Fray Toribio de Benavente (siglo XVI). Historia de los indios de la Nueva España. I, 1.

 

Para hacer cualquier estudio transcultural sobre el impacto de la escritura sobre las sociedades del mundo es necesario partir de dos consideraciones previas. Deberían ser suficientemente obvias, si no fuera por nuestra tendencia —como occidentales o como ubicuos ciudadanos del “mundo global”— a extrapolar las claves de la cosmovisión europea a todos los pueblos de la Tierra. Es consustancial al llamado eurocentrismo presuponer que todo lo que existe en la cultura occidental debe existir también en todos los otros rincones del planeta; y si no existe, es evidencia de espantosas “carencias”.

La primera consideración es que no todos los pueblos del mundo utilizan sistemas de escritura. Las escrituras aparecen originalmente en contados lugares de la Tierra, y se propagan a partir de ahí a regiones concretas. Hay especiales circunstancias sociales y económicas —sobre las que no nos vamos a detener en esta ocasión— que propician el uso de sistemas de registro escritos en determinadas sociedades. Los pueblos que históricamente no han usado escrituras no han padecido ningún tipo de endémico “atraso”. Las culturas que se han basado en lo que los etnólogos llaman las tradiciones orales han sido tan ricas y creativas como las culturas que han hecho uso de los códigos escritos, e incluso más flexibles y adaptativas a la hora de adecuar su memoria colectiva a los nuevos presentes que iban viviendo.
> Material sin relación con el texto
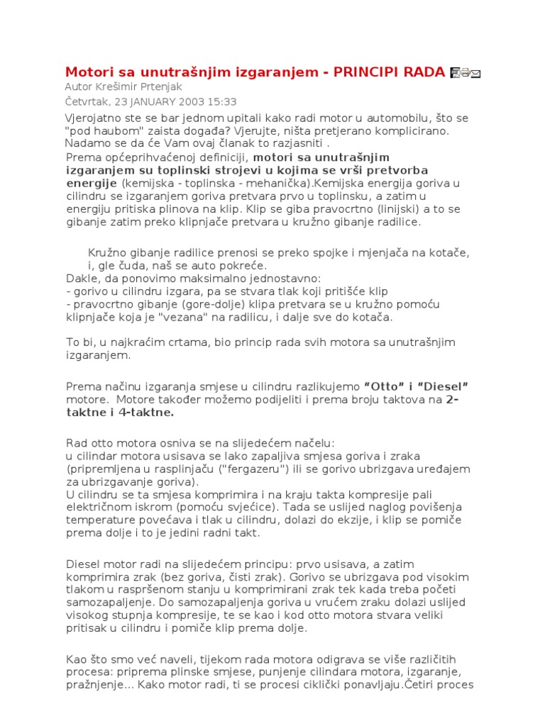 koristili na razne naine da nas prevezu, ali vremenom niti to nije bilo dovoljno... - Parni stroj - Nije preostalo nita nego napraviti neki stroj koji nas moe prevesti dovoljno daleko i brzo. Rije \"dovoljno\" treba shvatiti uvjetno. Prvi stroj koji je pokretao prijevozna sredstva bio je parni stroj. Ali, imao je dvije velike mane, koje su ga na kraju i istisnule iz upotrebe. -izrazito mali stupanj iskoristivosti (omjer energije uloene putem gorive i efektivno dobivene energije-da pojednostavnimo, veliku potronju goriva) -velike dimenzije Tada stupaju na povijesnu scenu motori sa unutranjim izgaranjem, koji su se odrali sve do dananjih dana (kako sada stvari stoje, jo bar neko vrijeme nee izai iz upotrebe). Teko je predvidjeti kako e izgledati pogonska sredstva u budunosti, ali unato silnim istraivanjima alternativnih izvora energije i pogonskih strojeva koji bi koristili tu energiju, nema ozbiljnije konkurencije motorima sa unutranjim izgaranjem. Prvi motor principijelno slian dananjima, konstruirao je 1860. godine Lenoir (poznat je kao Lenoir-ov motor). Sasvim je suvino govoriti o upotrebnoj vrijednosti tog motora, ali ipak ga pamtimo kao prvi motor koji je uspio u praksi provesti teorijska naela rada motora sa unutranjim sagorijevanjem. 1870 godine njemaki inenjer Nicholas August Otto konstruirao je motor, kojeg je nazvao atmosferski motor. Stupanj iskoristivosti tog motora za dananje pojmove bio je vrlo malenih cca. 12%, a kao gorivo je koristio rasvjetni plin. - Otto motor - Kao godinu kljunu za razvoj dananjih Otto motora, moramo spomenuti 1885. godinu. Te su godine, paralelno i nezavisno Gottlieb Daimler i Carl Maybach te Carl Friedrich Benz konstruirali motore sa vanjskim izvorom zapaljenja smjese (svjeica, koja dobiva energiju od akumulatora) i unutranjim izgaranjem iste. Takve motore danas nazivamo Otto motori. Vanjski izvor zapaljenja smjese nije se pokazao kao najsretnije rjeenje; bio je uzrok velikih problema i estih kvarova. - Diesel motor - 1897. godine mladi njemaki inenjer Rudolf Diesel konstruirao je prvi motor sa unutranjim izgaranjem, ali bez zapaljenja smjese iskrom. Na kraju kompresijskog takta u motor se ubrizgava gorivo (plinsko ulje) koje sa tada pali samo uslijed visokog tlaka i temperature. Takav motor danas poznajemo kao \" DIESEL\" motor Moda je jo zanimljivo istaknuti da se u zadnjih 20-tak godina razvojem klipnih motora sa unutranjim izgaranjem, u prosjeku zagaenje emisijom ispunih plinova smanjilo cca. 50 puta. To se dogodilo uglavnom zahvaljujui zelenima (inenjere naravno po obiaju nitko ne spominje) i njihovim zabludama da su automobili najvei zagaivai, to ni najmanje ne odgovara stvarnom stanju, ali o tome nekom drugom prilikom. Konstrukcijski gledano, motori se u zadnjih 50-tak godina nisu puno mijenjali. Bolje performanse postignute su uglavnom razvojem materijala i tehnologija. Poveana su dozvoljena mehanika i toplinska naprezanja materijala, i naravno, u zadnjih 15-tak godina, i tu je ula svemona elektronika,

En definitiva, la escritura —a diferencia del lenguaje oral o de la música— no es universal.

La segunda consideración es que no todas las escrituras del mundo son alfabéticas, como lo son las que se han generalizado en Europa y allí donde los europeos nos hemos asentado. Una escritura alfabética es básicamente un sistema en que cada signo se asocia idealmente a una unidad fónica de la lengua, a un elemento distinguible de la pronunciación. Cuando los usuarios del alfabeto latino preguntamos cómo se escribe nuestro nombre en chino, solemos imaginar que habrá un signo de la escritura china que equivaldrá a nuestra A y otro a nuestra N, y así sucesivamente. Anacleto tendrá ocho letras en chino, en árabe, en japonés o en cualquier otra escritura conocida, sólo habrá que saber cómo dibujarlas. Pero en el mundo hay escrituras cuyos signos no reflejan fonemas aislados, como suelen hacer los llamados alfabetos [segmentales], sino sílabas enteras [silábicas], o sólo las consonantes [abjads], o significados completos [ideográficas]; incluso algunas cosas más.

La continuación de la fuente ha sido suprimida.